§ INPUT DATA
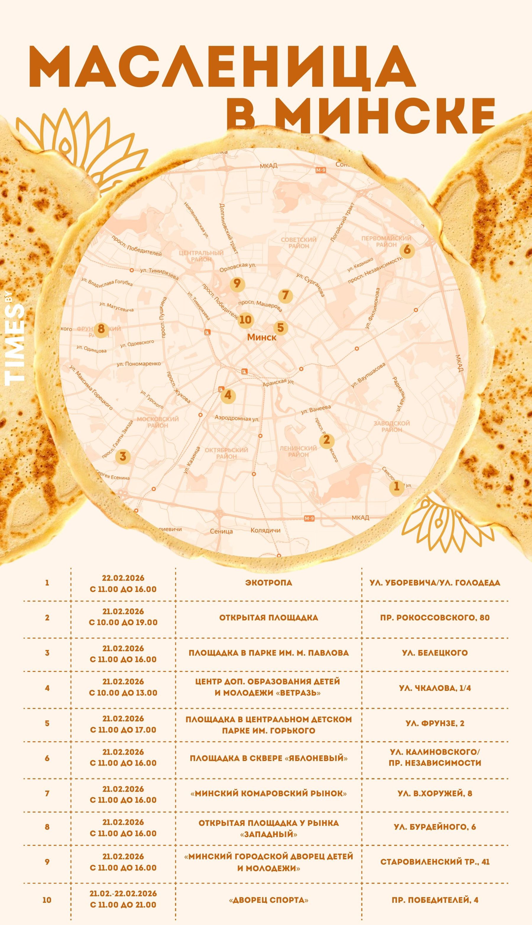 Минский горисполком определил в каждом районе города площадку, где будут организованы народные масленичные гуляния и ярмарки. Центральными локациями станут площадки в парке Горького, у Дворца спорта и у Комаровского рынка.
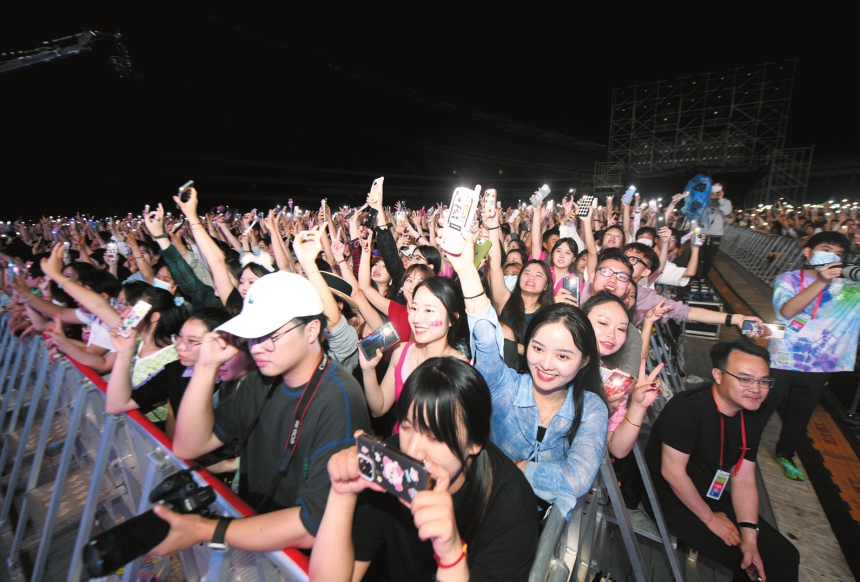 ③城市音乐节——及冠海口站,在海口五源河体育场精彩举行,现场观众热情洋溢,掌声不断。
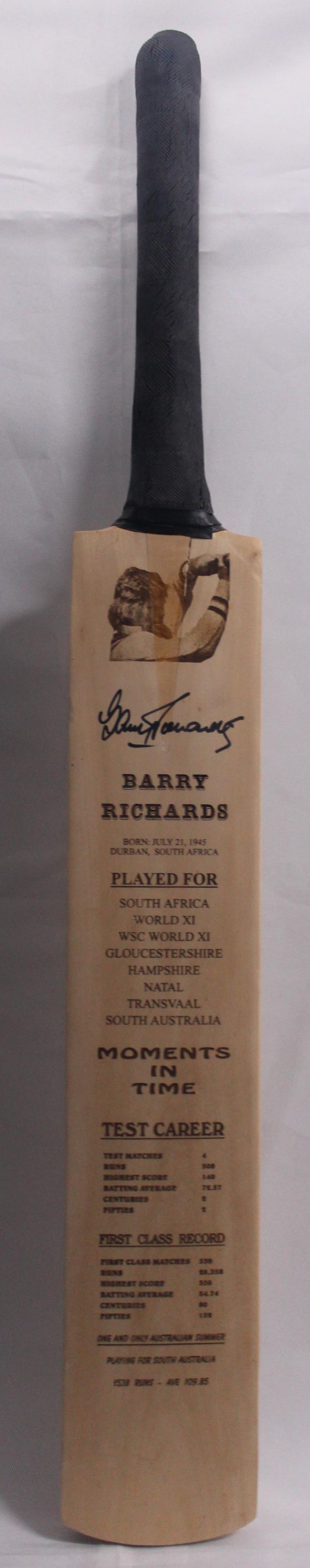 BARRY RICHARDS: Signature on 'Australian Cricket Society' cricket bat, with career details & portrait etched into bat, limited
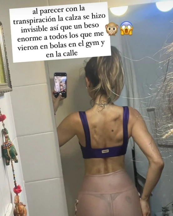 "Al parecer, con la transpiración, la calza se hizo invisible. Así que un beso enorme a todos los que me vieron en bolas en el gym y en la calle", compartió Jimena, quien tuvo que mantener el look hasta regresar a su casa porque no había llevado otra ropa para cambiarse.

§ DIRECTIONS
Write down exactly the lines running from the line with "③城市音乐节——及冠海口站,在海口五源河" through the end of the material, both ends included, and none of the pictures.

§ OUTPUT OF THE EXERCISE
 ③城市音乐节——及冠海口站,在海口五源河体育场精彩举行,现场观众热情洋溢,掌声不断。
 BARRY RICHARDS: Signature on 'Australian Cricket Society' cricket bat, with career details & portrait etched into bat, limited
 "Al parecer, con la transpiración, la calza se hizo invisible. Así que un beso enorme a todos los que me vieron en bolas en el gym y en la calle", compartió Jimena, quien tuvo que mantener el look hasta regresar a su casa porque no había llevado otra ropa para cambiarse.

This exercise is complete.